## TO DO:
Give a verbatim copy of the data, leaving the pictures out.

## SUPPLIED MATERIAL:
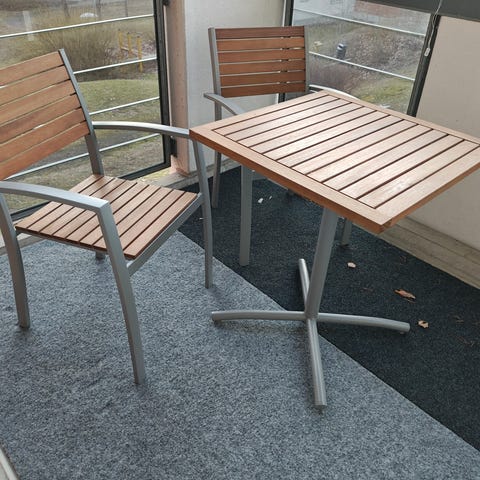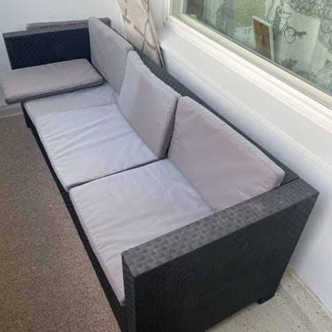Pöytä, 2 nojatuolia ja sohva+pehmusteet. Kaikki vaatii pesua, pesu jää ostajalle. Pehmusteet ovat haalistuneet, käytönjälkiä löytyy.
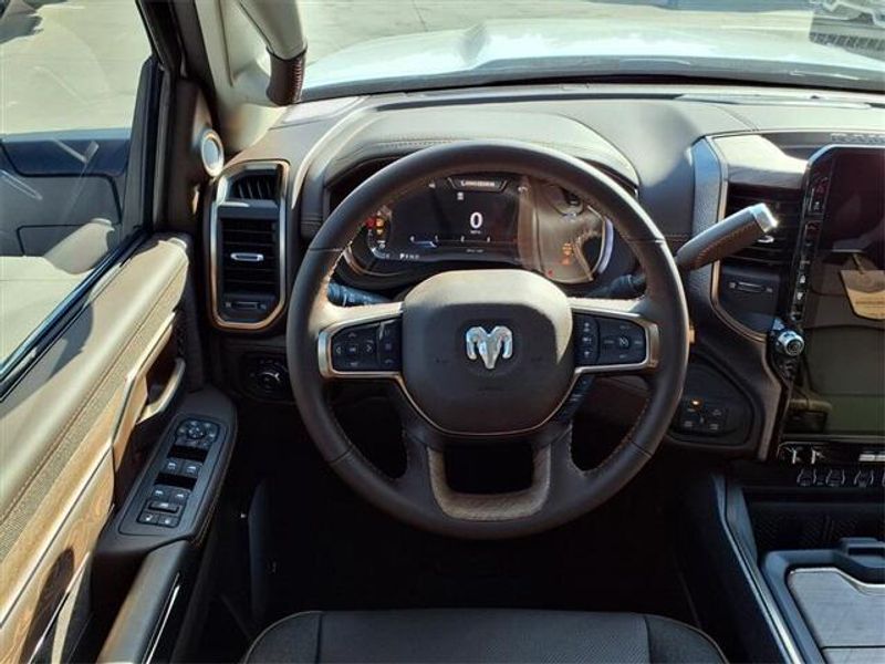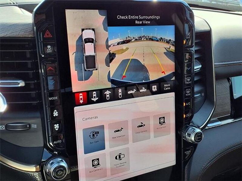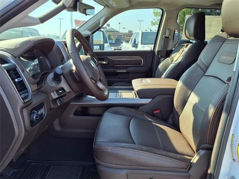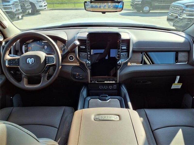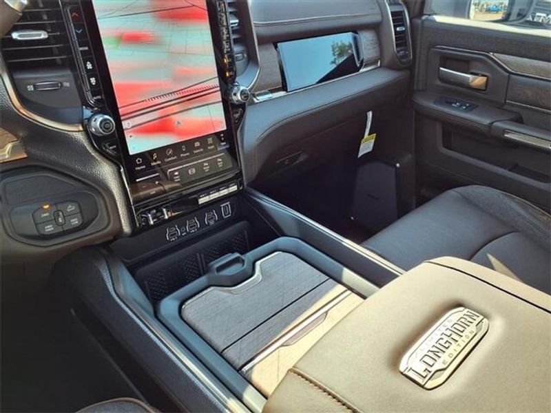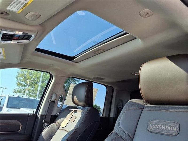 THIS VEHICLE COMES WITH THE FOLLOWING FEATURES AND OPTIONS : 5th Wheel/Gooseneck Towing Prep Group (Pickup Box, Vendor Painted Cargo Box, and Vendor Painted Cargo Box Tracking), Longhorn Level 1 Equipment Group (Anti-Spin Differential Rear Axle, Center Stop Lamp w/Cargo View Camera, Digital Rearview Mirror, LED Bed Lighting, MOPAR Spray In Bedliner, Power Deployable Running Boards, Surround View Camera System, Trailer Reverse Guidance, and Trailer Tire Pressure Monitoring System), Off Road Package (Front Performance Tuned Shock Absorbers, Hill Descent Control, and Rear Performance Tuned Shock Absorbers), Quick Order Package 24K Longhorn (I/P Aluminum Litho Bezels w/Real Wood #1, Longhorn Badge, Longhorn Instrument Cluster Theme 3, Luxury Front & Rear Floor Mats, Premium Filigree Leather Seats, and Warm Chrome Key Fob), Safety Group (Active Lane Management System, Adaptive Steering System, Drowsy Driver Detection, and Traffic Sign Recognition), Tow-Mode Digital Rearview Mirror Package (Tow-Mode Camera (Wired)), 17 Speakers, 3.42 Axle Ratio, 4-Wheel Disc Brakes, ABS brakes, Adjustable pedals, Air Conditioning, Alloy wheels, AM/FM radio: SiriusXM with 360L, Apple CarPlay/Android Auto, Audio memory, Auto High-beam Headlights, Auto-dimming door mirrors, Auto-dimming Rear-View mirror, Automatic temperature control, Black Wheel Center Hub, Bodyside moldings, Brake assist, Bumpers: body-color, Clearance Lamps, Compass, Dash Pass Thru Wire Circuits, Delay-off headlights, Driver door bin, Driver vanity mirror, Dual Alternators Rated at 480 Amps, Dual front impact airbags, Dual front side impact airbags, Electronic Stability Control, Engine Block Heater, Front anti-roll bar, Front Bucket Seats, Front Center Armrest w/Storage, Front dual zone A/C, Front fog lights, Front License Plate Bracket, Front reading lights, Fully automatic headlights, Garage door transmitter, Genuine wood console insert, Genuine wood dashboard insert, Genuine wood door panel insert, harman/kardon Speakers, Heated door mirrors, Heated front seats, Heated rear seats, Heated steering wheel, I/P Mounted Auxiliary Switches, Illuminated entry, Leather steering wheel, Low tire pressure warning, Manufacturer's Statement of Origin, Memory seat, MyFlexCare Service Diesel, Navigation System, Occupant sensing airbag, Outside temperature display, Overhead airbag, Overhead console, Panic alarm, ParkView Rear Back-Up Camera, Passenger door bin, Passenger vanity mirror, Pedal memory, Power door mirrors, Power driver seat, Power passenger seat, Power steering, Power Sunroof, Power windows, Radio data system, Radio: Uconnect 5 Nav w/14.4'' Display, Rain sensing wipers, Rear anti-roll bar, Rear reading lights, Rear seat center armrest, Rear step bumper, Rear window defroster, Remote keyless entry, Security system, Speed control, Split folding rear seat, Steering wheel mounted audio controls, Tachometer, Tilt steering wheel, Traction control, Trip computer, Turn signal indicator mirrors, Ultra Premium Leather Seats, Variably intermittent wipers, Ventilated front seats, Voltmeter, and Wheels: 20'' x 8'' Diamond Cut Aluminum.
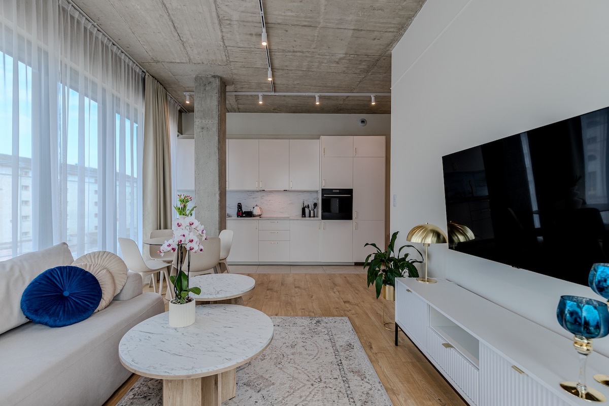 Newly renovated, luxury apartment in the center of Wrocław. Located on the top floor of an apartment building with an elevator. Located just a few minutes' walk (400 meters) to the Wrocław Market Square. Perfect for families and people looking for peace and comfort in an extraordinary interior. Balcony overlooking the city skyline. Free fiber optic internet, 55" 4K SMART TV, air conditioning. Free parking space in a monitored underground garage.
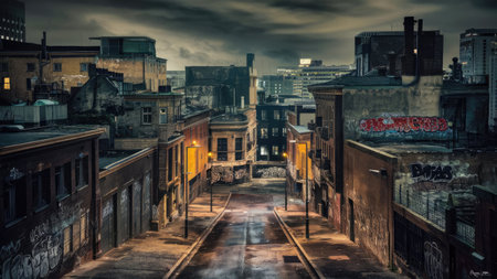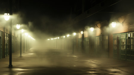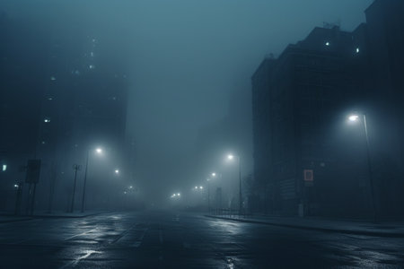 urban dark city enveloped in fog, creating a mysterious ambiance. A high quality image making by generative ai.

## OUTPUT OF THE EXERCISE:
Pöytä, 2 nojatuolia ja sohva+pehmusteet. Kaikki vaatii pesua, pesu jää ostajalle. Pehmusteet ovat haalistuneet, käytönjälkiä löytyy.
 THIS VEHICLE COMES WITH THE FOLLOWING FEATURES AND OPTIONS : 5th Wheel/Gooseneck Towing Prep Group (Pickup Box, Vendor Painted Cargo Box, and Vendor Painted Cargo Box Tracking), Longhorn Level 1 Equipment Group (Anti-Spin Differential Rear Axle, Center Stop Lamp w/Cargo View Camera, Digital Rearview Mirror, LED Bed Lighting, MOPAR Spray In Bedliner, Power Deployable Running Boards, Surround View Camera System, Trailer Reverse Guidance, and Trailer Tire Pressure Monitoring System), Off Road Package (Front Performance Tuned Shock Absorbers, Hill Descent Control, and Rear Performance Tuned Shock Absorbers), Quick Order Package 24K Longhorn (I/P Aluminum Litho Bezels w/Real Wood #1, Longhorn Badge, Longhorn Instrument Cluster Theme 3, Luxury Front & Rear Floor Mats, Premium Filigree Leather Seats, and Warm Chrome Key Fob), Safety Group (Active Lane Management System, Adaptive Steering System, Drowsy Driver Detection, and Traffic Sign Recognition), Tow-Mode Digital Rearview Mirror Package (Tow-Mode Camera (Wired)), 17 Speakers, 3.42 Axle Ratio, 4-Wheel Disc Brakes, ABS brakes, Adjustable pedals, Air Conditioning, Alloy wheels, AM/FM radio: SiriusXM with 360L, Apple CarPlay/Android Auto, Audio memory, Auto High-beam Headlights, Auto-dimming door mirrors, Auto-dimming Rear-View mirror, Automatic temperature control, Black Wheel Center Hub, Bodyside moldings, Brake assist, Bumpers: body-color, Clearance Lamps, Compass, Dash Pass Thru Wire Circuits, Delay-off headlights, Driver door bin, Driver vanity mirror, Dual Alternators Rated at 480 Amps, Dual front impact airbags, Dual front side impact airbags, Electronic Stability Control, Engine Block Heater, Front anti-roll bar, Front Bucket Seats, Front Center Armrest w/Storage, Front dual zone A/C, Front fog lights, Front License Plate Bracket, Front reading lights, Fully automatic headlights, Garage door transmitter, Genuine wood console insert, Genuine wood dashboard insert, Genuine wood door panel insert, harman/kardon Speakers, Heated door mirrors, Heated front seats, Heated rear seats, Heated steering wheel, I/P Mounted Auxiliary Switches, Illuminated entry, Leather steering wheel, Low tire pressure warning, Manufacturer's Statement of Origin, Memory seat, MyFlexCare Service Diesel, Navigation System, Occupant sensing airbag, Outside temperature display, Overhead airbag, Overhead console, Panic alarm, ParkView Rear Back-Up Camera, Passenger door bin, Passenger vanity mirror, Pedal memory, Power door mirrors, Power driver seat, Power passenger seat, Power steering, Power Sunroof, Power windows, Radio data system, Radio: Uconnect 5 Nav w/14.4'' Display, Rain sensing wipers, Rear anti-roll bar, Rear reading lights, Rear seat center armrest, Rear step bumper, Rear window defroster, Remote keyless entry, Security system, Speed control, Split folding rear seat, Steering wheel mounted audio controls, Tachometer, Tilt steering wheel, Traction control, Trip computer, Turn signal indicator mirrors, Ultra Premium Leather Seats, Variably intermittent wipers, Ventilated front seats, Voltmeter, and Wheels: 20'' x 8'' Diamond Cut Aluminum.
 Newly renovated, luxury apartment in the center of Wrocław. Located on the top floor of an apartment building with an elevator. Located just a few minutes' walk (400 meters) to the Wrocław Market Square. Perfect for families and people looking for peace and comfort in an extraordinary interior. Balcony overlooking the city skyline. Free fiber optic internet, 55" 4K SMART TV, air conditioning. Free parking space in a monitored underground garage.
 urban dark city enveloped in fog, creating a mysterious ambiance. A high quality image making by generative ai.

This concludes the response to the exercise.